I seem to get pretty close.

Is that the correct interpretation/implementation?

I’d recommend this: 27 Posterior Predictive Sampling | Stan User’s Guide

The short answer is that to compute some expectation relative to the posterior predictive distribution, p(\tilde{y} \mid y), where \tilde{y} is “test” data and y is “training” data, goes as follows

\mathbb{E}[f(\tilde{y}) \mid y] \approx \frac{1}{M} \sum_{m=1}^M f(\tilde{y}^{(m)}),

where \tilde{y}^{(m)} \sim p(\tilde{y} \mid y). It’s important to include sampling uncertainty as well as estimation uncertainty for sampling \tilde{y}^{(m)}. For instance, if you have a beta-binomial model and have posterior draws \theta^{(m)} \sim p(\theta \mid y) for model parameters \theta, then you want to simulate \tilde{y} \sim \textrm{beta-binomial}(N, \theta) rather than just using the expectation N \cdot \theta.

Thanks!

The manual gives this example:

data {
  int<lower=0> N;
  array[N] int<lower=0> y;
}
parameters {
  real<lower=0> lambda;
}
model {
  lambda ~ gamma(1, 1);
  y ~ poisson(lambda);
}
generated quantities {
  int<lower=0> y_tilde = poisson_rng(lambda);
}

The expectations are computed as:

generated quantities {
  real f_val = f(y_tilde, theta);
  // ...
}

Am I correct that I would use

vector[N] epred;

 epred  += beta_binomial(y_tilde, mu * phi, (1 -  mu) * phi);

Is that what brms does for posterior_epred()?

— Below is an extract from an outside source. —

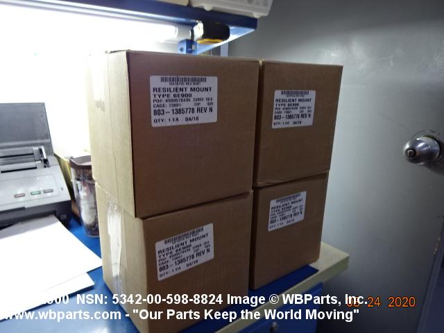 5342-00-598-8824 An item made of material having elastic properties. It may have rigid mounting facilities such as a flange(s), sleeve(s), stud(s) or the like. It is designed to isolate or dampen shock and/or vibration of a continuous or intermittent origin and serve as a support for a weapon system component to be isolated. Excludes MOUNT, RESILIENT, UTILITY; SPRING (as modified); BUMPER, NONMETALLIC; BUMPER, RUBBER; BUSHING, NONMETALLIC; hydraulic and pneumatic shock absorbers, dash-pots, grommets, and shock pads.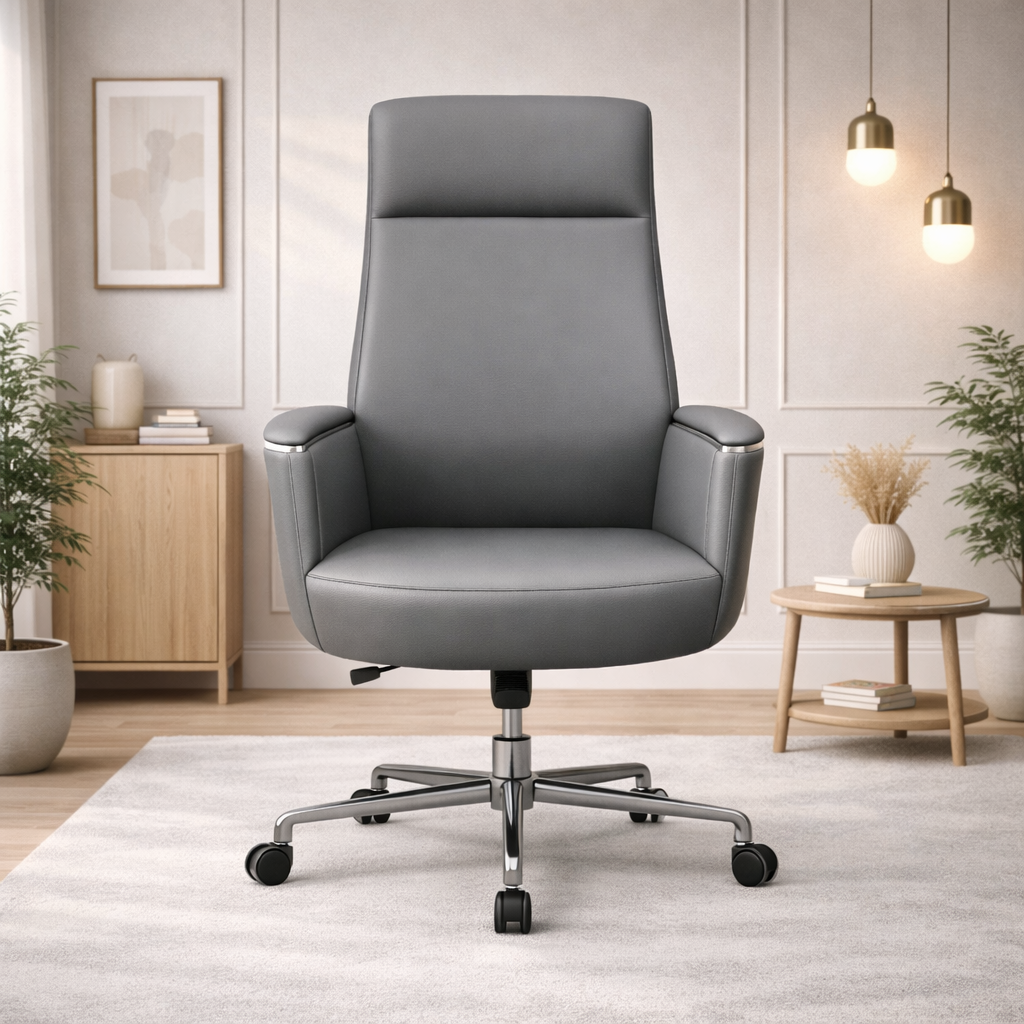 Product description: The Revolving Chair Model Number: 6A32 is This office chair is designed to provide comfortable and supportive seating for long working hours. It features an ergonomic backrest that helps maintain proper posture and reduces strain on the spine. The chair is crafted with a sturdy frame and high-quality cushioning to ensure durability and long-lasting comfort. Its modern and professional design makes it suitable for offices, workstations, cabins, and home office setups. The smooth finish and premium upholstery add a stylish touch while enhancing user convenience and productivity throughout the day.

That seems to conflict with the documentation saying it doesn’t include the variance/dispersion parameters.

I tried this with a student-t model and all epred samples were nan:

  vector[N] ypred;
  vector[N] log_lik;
  vector[N] epred;
  
    for(i in 1:N){
	  ypred[i] = student_t_rng(nu, mu[i], sigma[i] ) ;
	   }
  
  epred += student_t_lpdf(ypred | nu_unscaled, mu_unscaled, sigma_unscaled);

 for(i in 1:N){
	  log_lik[i] = student_t_lpdf(Y[i] | nu, mu[i], sigma[i]); ;
	   }

Still trying to dig further, I fit a student model with brms and called add_epred_draws() from tidybayes.

The .epred values are different for every subject in the same conditions, so there is still individual variability represented by .epred.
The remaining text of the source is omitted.